START Data to process

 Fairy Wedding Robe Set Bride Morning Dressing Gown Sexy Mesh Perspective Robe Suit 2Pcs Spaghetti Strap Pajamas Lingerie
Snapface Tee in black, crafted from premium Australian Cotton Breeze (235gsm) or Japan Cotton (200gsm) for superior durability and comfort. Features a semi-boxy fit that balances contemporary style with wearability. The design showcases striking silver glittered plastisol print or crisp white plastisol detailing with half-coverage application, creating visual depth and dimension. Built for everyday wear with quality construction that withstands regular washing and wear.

END Data to process
START Data to process

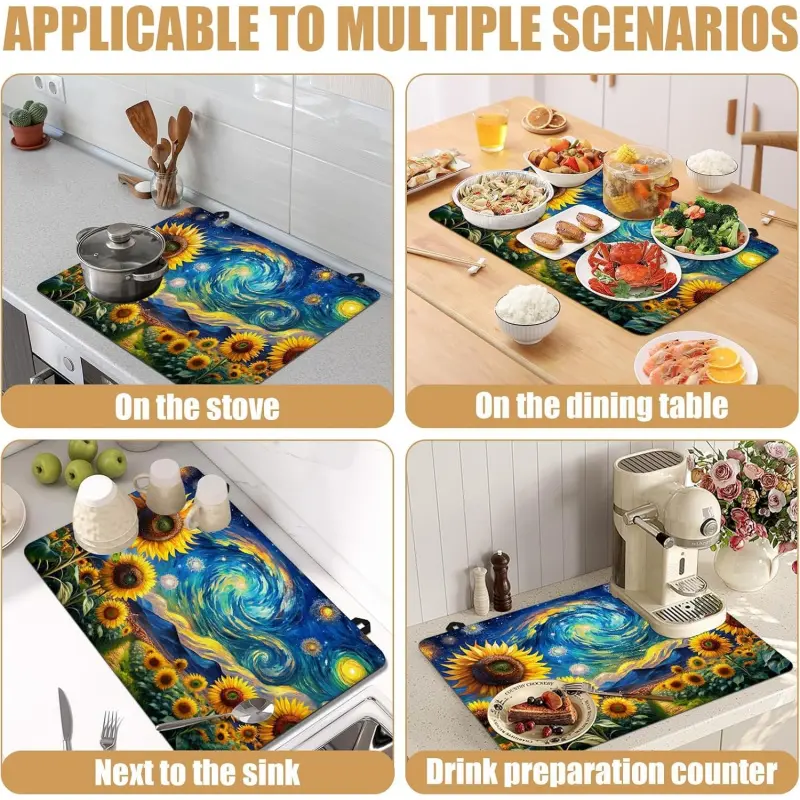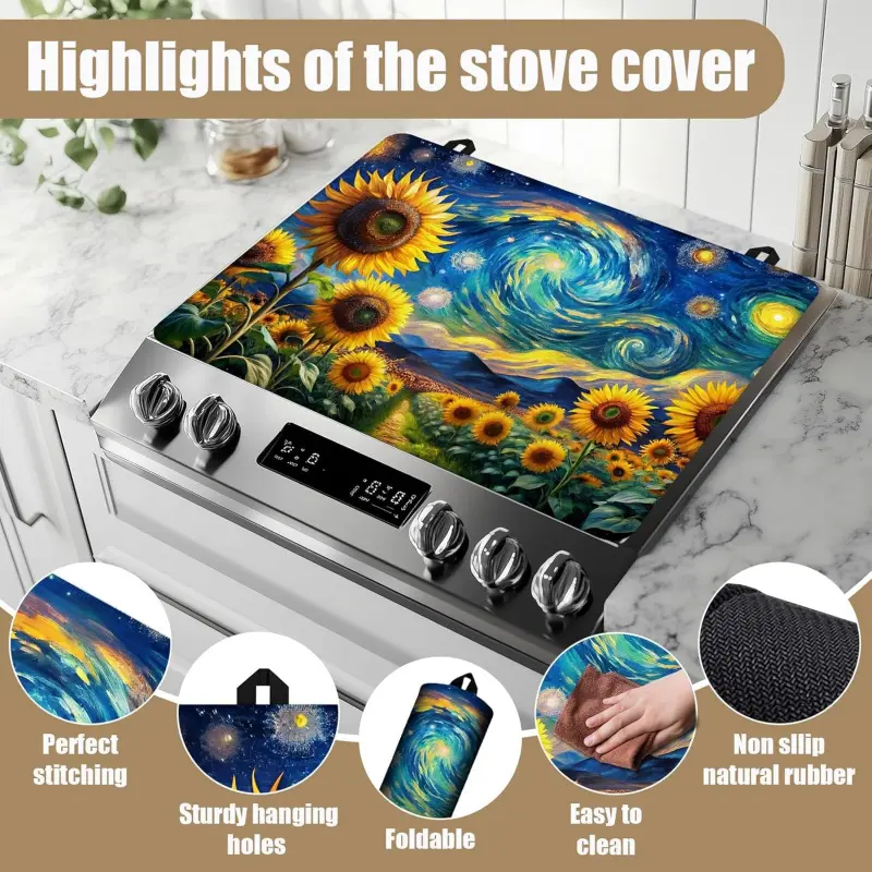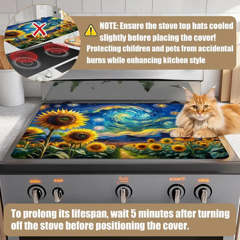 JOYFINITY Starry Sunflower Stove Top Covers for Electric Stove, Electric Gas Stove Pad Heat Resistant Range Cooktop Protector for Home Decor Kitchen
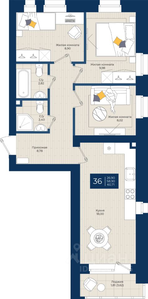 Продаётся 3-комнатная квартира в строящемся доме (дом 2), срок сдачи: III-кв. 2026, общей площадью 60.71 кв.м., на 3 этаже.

END Data to process

What is expected |
In the listing above, find the line with "Fairy Wedding Robe" and the line with "Snapface Tee in". Output those two lines and every line between them, exactly as written.

Expected output |
 Fairy Wedding Robe Set Bride Morning Dressing Gown Sexy Mesh Perspective Robe Suit 2Pcs Spaghetti Strap Pajamas Lingerie
Snapface Tee in black, crafted from premium Australian Cotton Breeze (235gsm) or Japan Cotton (200gsm) for superior durability and comfort. Features a semi-boxy fit that balances contemporary style with wearability. The design showcases striking silver glittered plastisol print or crisp white plastisol detailing with half-coverage application, creating visual depth and dimension. Built for everyday wear with quality construction that withstands regular washing and wear.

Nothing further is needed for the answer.